BEGIN Record extracts
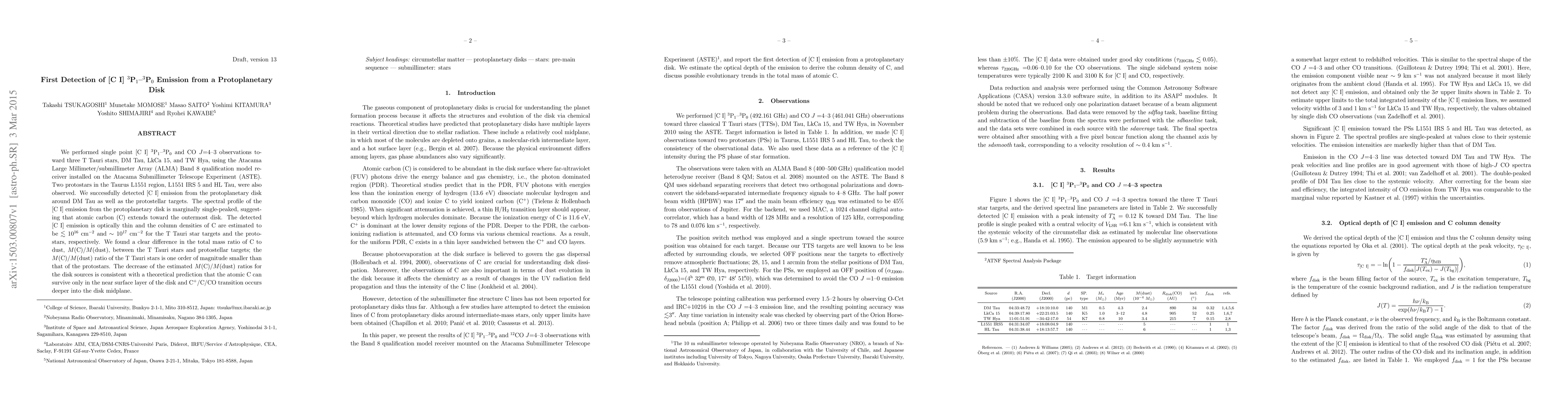We performed single point [C I] $^3$P$_1$-$^3$P$_0$ and CO J=4-3 observations toward three T Tauri stars, DM Tau, LkCa 15, and TW Hya, using the Atacama Large Millimeter/submillimeter Array (ALMA) Band 8 qualification model receiver installed on the Atacama Submillimeter Telescope Experiment (ASTE). Two protostars in the Taurus L1551 region, L1551 IRS 5 and HL Tau, were also observed. We successfully detected [C I] emission from the protoplanetary disk around DM Tau as well as the protostellar targets. The spectral profile of the [C I] emission from the protoplanetary disk is marginally single-peaked, suggesting that atomic carbon (C) extends toward the outermost disk. The detected [C I] emission is optically thin and the column densities of C are estimated to be <~10$^{16}$ cm$^{-2}$ and ~10$^{17}$ cm$^{-2}$ for the T Tauri star targets and the protostars, respectively. We found a clear difference in the total mass ratio of C to dust, $M$(C)/$M$(dust), between the T Tauri stars and protostellar targets; the $M$(C)/$M$(dust) ratio of the T Tauri stars is one order of magnitude smaller than that of the protostars. The decrease of the estimated $M$(C)/$M$(dust) ratios for the disk sources is consistent with a theoretical prediction that the atomic C can survive only in the near surface layer of the disk and C$^+$/C/CO transition occurs deeper into the disk midplane.
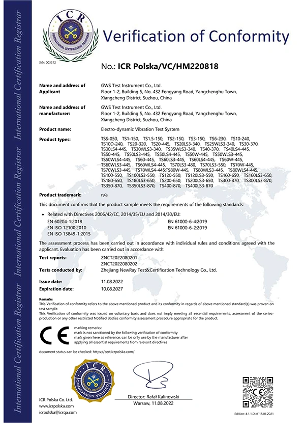 A GWS concentra-se no projeto e na fabricação de equipamentos de teste de vibração eletrodinâmica. Desenvolvemos tecnologias especializadas e possuímos patentes relacionadas ao controle de testes de vibração, à otimização de desempenho e ao projeto estrutural. Nossa linha de equipamentos de teste inclui agitadores eletrodinâmicos, que estão disponíveis em configurações refrigeradas a ar e a água, com suporte para excitação vertical e horizontal, bem como para movimento combinado. Esses sistemas de teste de vibração cobrem faixas de força de 500 N (50 kg) a 600 kN (60 toneladas) e podem ser adaptados para uso padrão em laboratórios ou personalizados para atender a requisitos específicos em ambientes de pesquisa e produção. Nossos equipamentos de teste ambiental são amplamente utilizados na validação de componentes automotivos, em testes de confiabilidade aeroespacial, na qualificação de dispositivos eletrônicos e em muitas outras aplicações industriais.
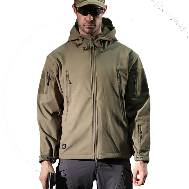 Камуфляжная тактическая куртка из мягкой кожи акулы, Мужская Флисов...
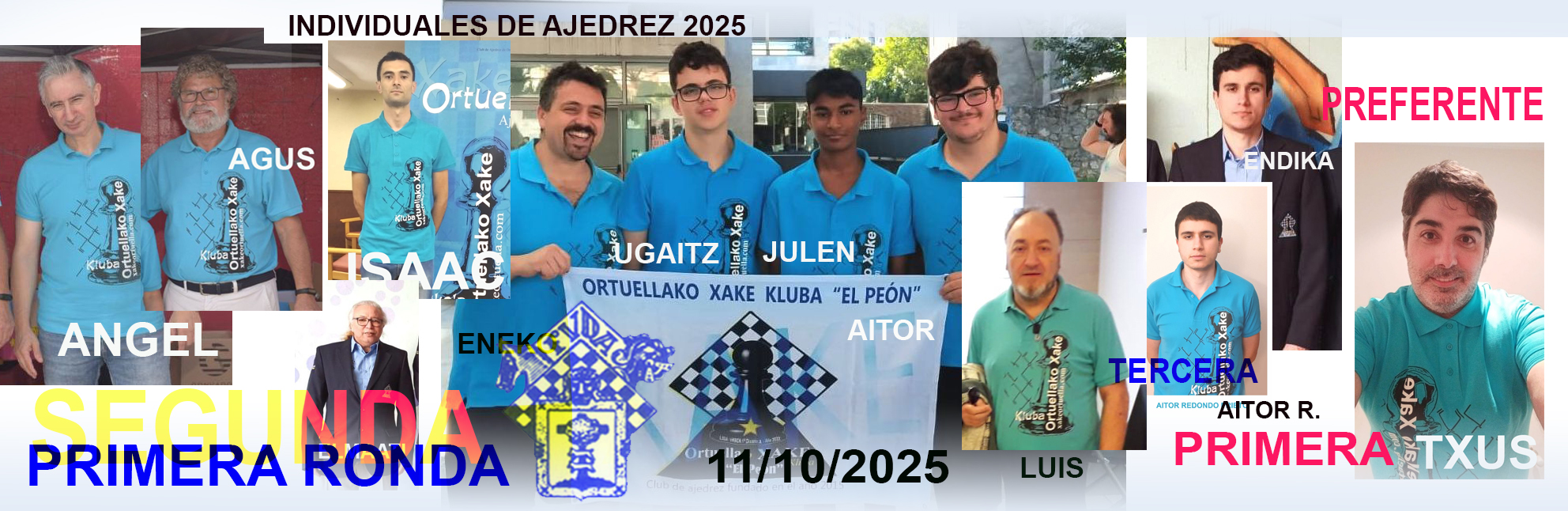 Un año mas nuestr@s peones trataran de subir de categoría (individual) en los campeonatos Individuales (valga la redundancia) organizados por la federación Bizkaia de ajedrez y que empiezan este próximo sábado 11/10/2025.
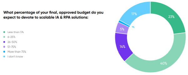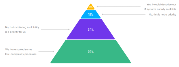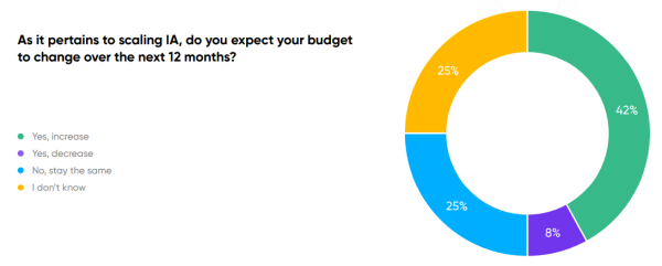 The silver lining is that, of those who have yet to fully scale IA, 85% say that achieving scalability is a priority for them, with 44% indicating that they have already begun this process. Plus, 43% of respondents expect their final, approved budgets for scalable IA solutions to increase over the next year.
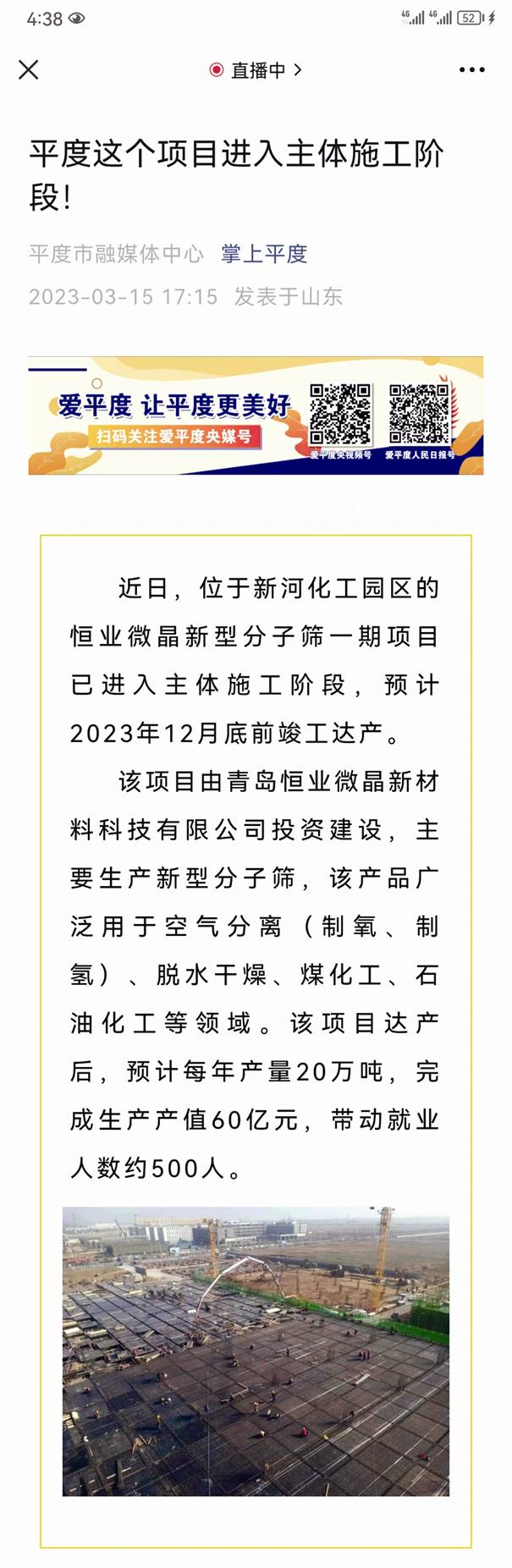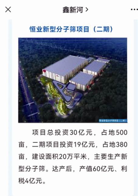 該文稱:“近日,位于新河化工園區(qū)的恒業(yè)微晶新型分子篩一期項(xiàng)目已進(jìn)入主體施工階段,預(yù)計(jì)2023年12月底前竣工達(dá)產(chǎn)。該項(xiàng)目由青島恒業(yè)微晶新材料科技有限公司投資建設(shè),主要生產(chǎn)新型分子篩,該產(chǎn)品廣泛用于空氣分離(制氧、制氫)、脫水干燥、煤化工、石油化工等領(lǐng)域。該項(xiàng)目達(dá)產(chǎn)后,預(yù)計(jì)每年產(chǎn)量20萬噸,完成生產(chǎn)產(chǎn)值60億元,帶動(dòng)就業(yè)人數(shù)約500人。”并且,該文配有一張工程施工實(shí)景圖片。
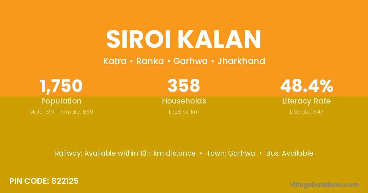 Garhwa is the nearest town to Siroi Kalan village for major economic activities
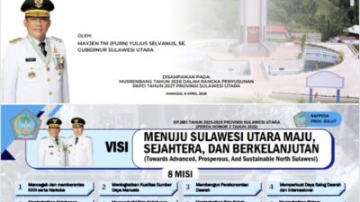 Edisibacirita – Aula Mapalus Kantor Gubernur menjadi saksi bisu dirumuskannya masa depan “Bumi Nyiur Melambai”. Pada Kamis (9/4/2026), Gubernur Sulawesi Utara, Mayjen TNI (Purn) Yulius Selvanus, secara resmi membuka Musyawarah Perencanaan Pembangunan (Musrenbang) RKPD 2027. Bukan sekadar rutinitas birokrasi, forum ini menjadi ajang peletakan fondasi transformasi ekonomi menuju target ambisius: pertumbuhan 8% pada 2029.
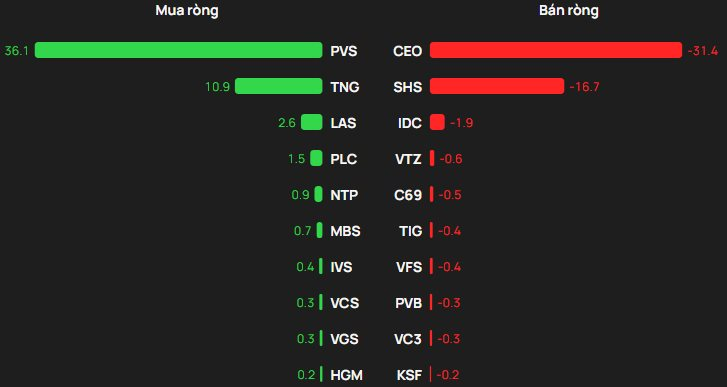 Ở chiều bán ròng, CEO dẫn đầu với giá trị khoảng 31 tỷ đồng, tiếp đến là SHS (xấp xỉ 17 tỷ), trong khi các mã còn lại chỉ ghi nhận mức bán ròng dưới 2 tỷ đồng.
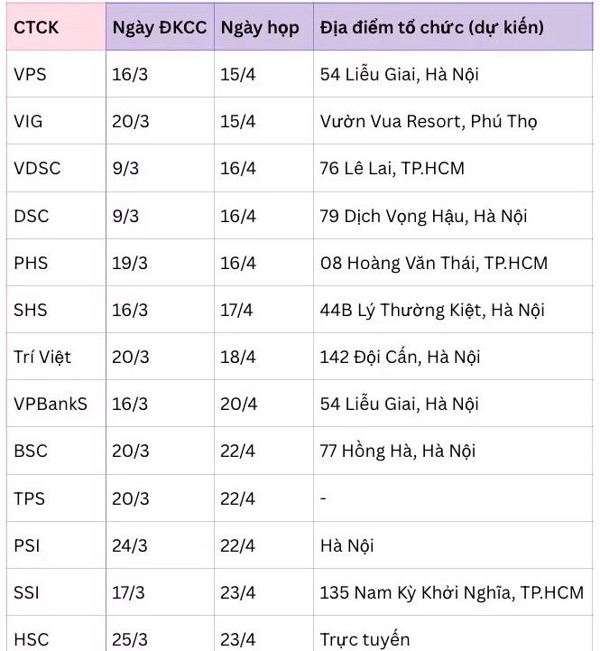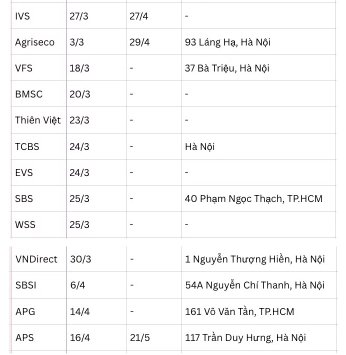 Ngoài các doanh nghiệp tập trung trong tháng 4, một số công ty dự kiến tổ chức muộn hơn. APS lên kế hoạch họp vào ngày 21/5 tại Hà Nội, trong khi VIX và TCSC đã thông báo gia hạn thời gian tổ chức sang tháng 6.
END Record extracts
**The task**
Both the line containing "The silver lining" and the last line of the records above belong in the exact copy, along with every line between them; pictures do not.

**Completed exercise**
 The silver lining is that, of those who have yet to fully scale IA, 85% say that achieving scalability is a priority for them, with 44% indicating that they have already begun this process. Plus, 43% of respondents expect their final, approved budgets for scalable IA solutions to increase over the next year.
 該文稱:“近日,位于新河化工園區(qū)的恒業(yè)微晶新型分子篩一期項(xiàng)目已進(jìn)入主體施工階段,預(yù)計(jì)2023年12月底前竣工達(dá)產(chǎn)。該項(xiàng)目由青島恒業(yè)微晶新材料科技有限公司投資建設(shè),主要生產(chǎn)新型分子篩,該產(chǎn)品廣泛用于空氣分離(制氧、制氫)、脫水干燥、煤化工、石油化工等領(lǐng)域。該項(xiàng)目達(dá)產(chǎn)后,預(yù)計(jì)每年產(chǎn)量20萬噸,完成生產(chǎn)產(chǎn)值60億元,帶動(dòng)就業(yè)人數(shù)約500人。”并且,該文配有一張工程施工實(shí)景圖片。
 Garhwa is the nearest town to Siroi Kalan village for major economic activities
 Edisibacirita – Aula Mapalus Kantor Gubernur menjadi saksi bisu dirumuskannya masa depan “Bumi Nyiur Melambai”. Pada Kamis (9/4/2026), Gubernur Sulawesi Utara, Mayjen TNI (Purn) Yulius Selvanus, secara resmi membuka Musyawarah Perencanaan Pembangunan (Musrenbang) RKPD 2027. Bukan sekadar rutinitas birokrasi, forum ini menjadi ajang peletakan fondasi transformasi ekonomi menuju target ambisius: pertumbuhan 8% pada 2029.
 Ở chiều bán ròng, CEO dẫn đầu với giá trị khoảng 31 tỷ đồng, tiếp đến là SHS (xấp xỉ 17 tỷ), trong khi các mã còn lại chỉ ghi nhận mức bán ròng dưới 2 tỷ đồng.
 Ngoài các doanh nghiệp tập trung trong tháng 4, một số công ty dự kiến tổ chức muộn hơn. APS lên kế hoạch họp vào ngày 21/5 tại Hà Nội, trong khi VIX và TCSC đã thông báo gia hạn thời gian tổ chức sang tháng 6.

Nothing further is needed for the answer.